● Work to complete:
Those lines of the records that contain "have" are to be located and copied.

START Entries shown

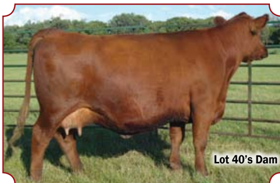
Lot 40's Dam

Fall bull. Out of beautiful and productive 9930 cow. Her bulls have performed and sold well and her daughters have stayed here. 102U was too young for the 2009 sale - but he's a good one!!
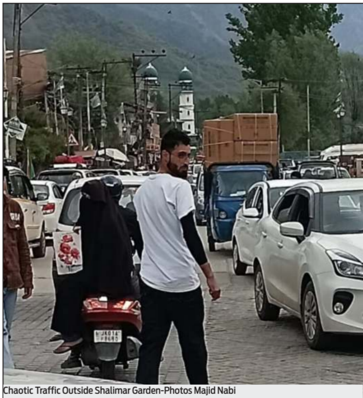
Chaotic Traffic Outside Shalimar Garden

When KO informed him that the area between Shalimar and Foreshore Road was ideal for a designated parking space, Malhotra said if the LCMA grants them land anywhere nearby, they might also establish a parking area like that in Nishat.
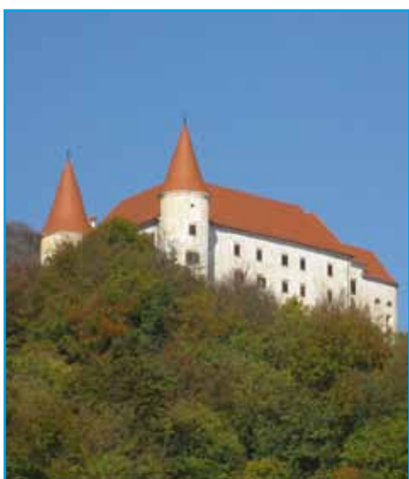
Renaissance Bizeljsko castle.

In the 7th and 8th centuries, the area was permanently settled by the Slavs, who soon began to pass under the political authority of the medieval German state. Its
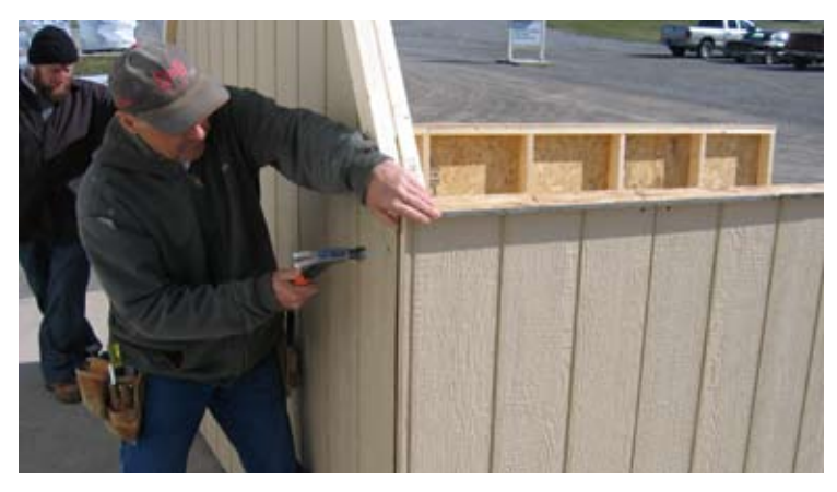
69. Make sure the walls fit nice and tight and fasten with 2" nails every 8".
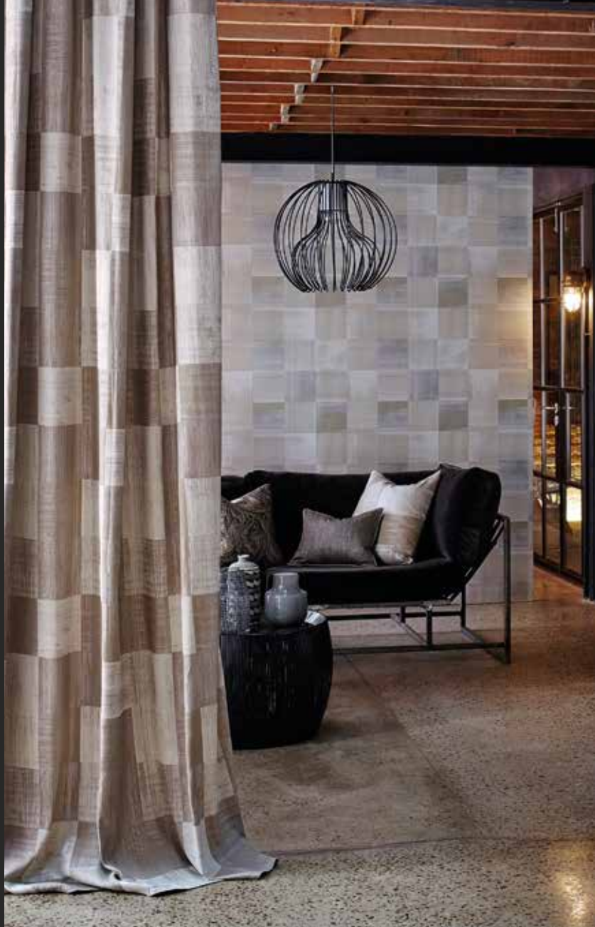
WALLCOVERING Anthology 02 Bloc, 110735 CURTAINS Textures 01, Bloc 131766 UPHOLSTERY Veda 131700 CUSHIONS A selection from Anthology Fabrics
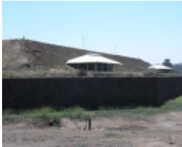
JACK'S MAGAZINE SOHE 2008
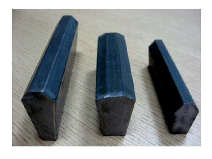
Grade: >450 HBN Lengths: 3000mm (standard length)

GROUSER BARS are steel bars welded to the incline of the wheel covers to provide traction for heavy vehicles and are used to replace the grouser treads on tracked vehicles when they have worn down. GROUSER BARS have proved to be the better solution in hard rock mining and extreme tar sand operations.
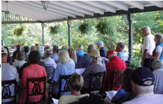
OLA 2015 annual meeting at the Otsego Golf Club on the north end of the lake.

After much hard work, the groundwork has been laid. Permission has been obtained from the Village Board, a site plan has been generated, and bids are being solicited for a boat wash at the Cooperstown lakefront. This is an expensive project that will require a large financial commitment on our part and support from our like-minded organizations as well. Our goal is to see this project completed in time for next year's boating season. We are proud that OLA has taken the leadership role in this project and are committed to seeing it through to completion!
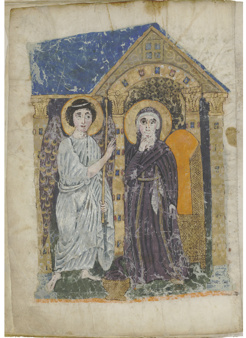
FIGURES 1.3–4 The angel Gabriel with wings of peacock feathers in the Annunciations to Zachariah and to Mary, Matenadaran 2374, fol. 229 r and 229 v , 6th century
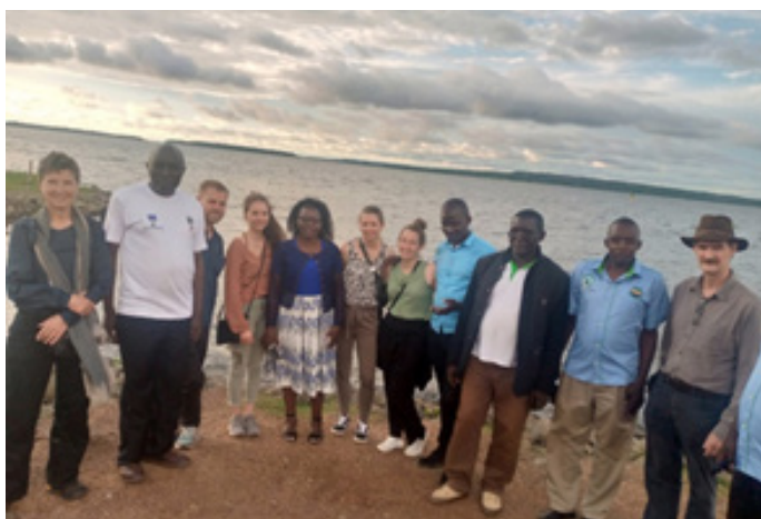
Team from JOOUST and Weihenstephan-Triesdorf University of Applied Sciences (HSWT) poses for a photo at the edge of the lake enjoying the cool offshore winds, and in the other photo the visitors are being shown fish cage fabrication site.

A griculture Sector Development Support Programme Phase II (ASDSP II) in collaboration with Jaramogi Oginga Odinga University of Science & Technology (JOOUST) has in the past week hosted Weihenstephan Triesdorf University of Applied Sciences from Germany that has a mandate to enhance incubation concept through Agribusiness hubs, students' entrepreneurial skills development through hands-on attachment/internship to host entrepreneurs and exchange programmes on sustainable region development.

END Entries shown

● Expected output:
Fall bull. Out of beautiful and productive 9930 cow. Her bulls have performed and sold well and her daughters have stayed here. 102U was too young for the 2009 sale - but he's a good one!!
GROUSER BARS are steel bars welded to the incline of the wheel covers to provide traction for heavy vehicles and are used to replace the grouser treads on tracked vehicles when they have worn down. GROUSER BARS have proved to be the better solution in hard rock mining and extreme tar sand operations.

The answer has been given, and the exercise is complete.